The solver will report that "variablesP and not valuesP" is solvable, with one model being  $i_y = 4294967295$ ,  $bv_y = \text{xffffffff}$ .

Domain equivalence may not in general hold, but we often have constraints upon our variables (e.g., ' $y > 6$ ' or ' $y \leq 6$ ' ), and these constraints can be applied when checking for domain equivalence. Thus, for our path-constraint example in II-A, for any ' $y$ ' input satisfying ' $y > 6$ ', we know that ' $y-2$ ' is the result. Unfortunately, checking these equivalences is very computationally expensive.

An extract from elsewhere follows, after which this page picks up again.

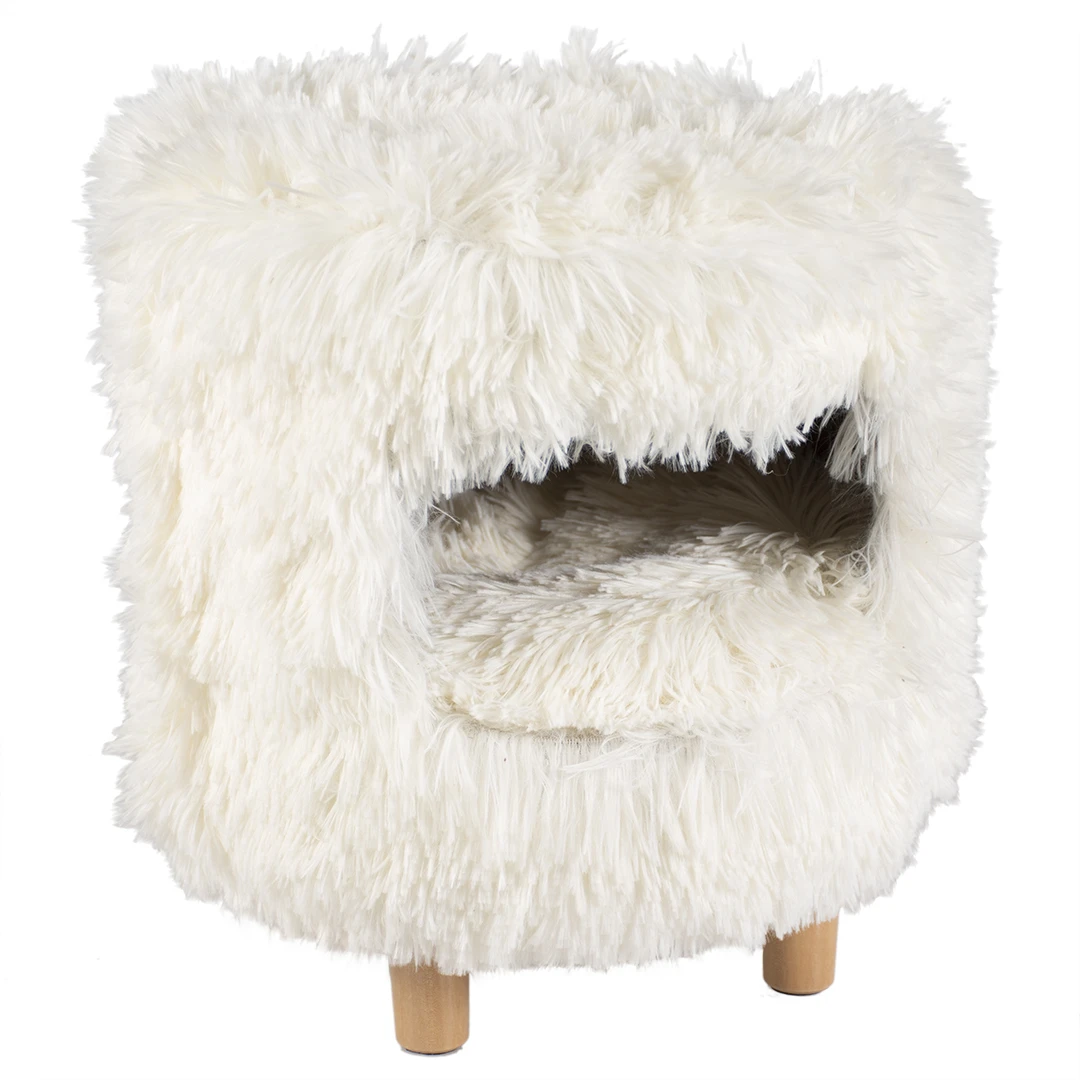 KATTENHUIS MET LANGE PLUSH 31x31x34cm Wit
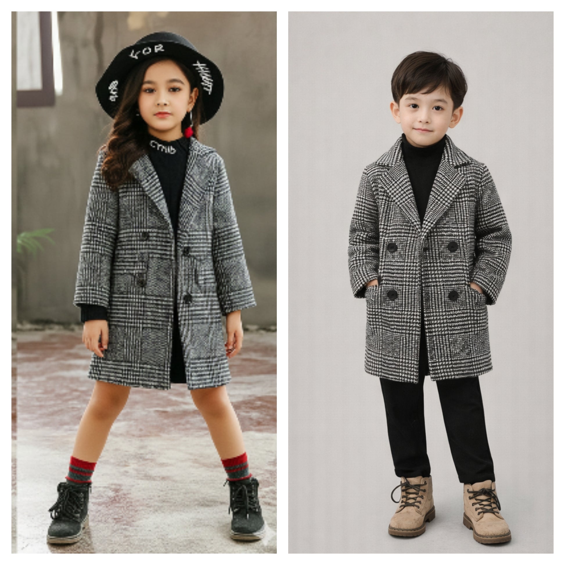 Give your little fashionista a chic winter look with this Classic Checkered Long Coat. Designed with a timeless black-and-white plaid pattern, this coat brings elegance, warmth, and comfort all in one. Its soft, cozy fabric keeps your child snug during cold days, while the long tailored fit adds a trendy, sophisticated touch. Perfect for outings, parties, winter holidays, and everyday wear—this coat is a must-have wardrobe

Thus, we provide the ability to check using values, e.g., the user supplies a value to see if it can be used to prove that the expressions in different domains are not precisely equivalent.

#### C. Constraint simplification using SIS

In order to simplify complex boolean expressions, we intend to take advantage of logic synthesis tools. Here we show how a logic synthesis tool designed to minimize numbers of literals and map solutions to preferred gate libraries can be used to construct solutions that are more human readable. This approach may also prove useful when looking for specific patterns when attempting to map from one domain to another.

In the next section we describe a technique that utilizes logic synthesis tools and don't cares to simplify expressions like the one in III-B to get better results than those obtained using ctx-solver-simplify.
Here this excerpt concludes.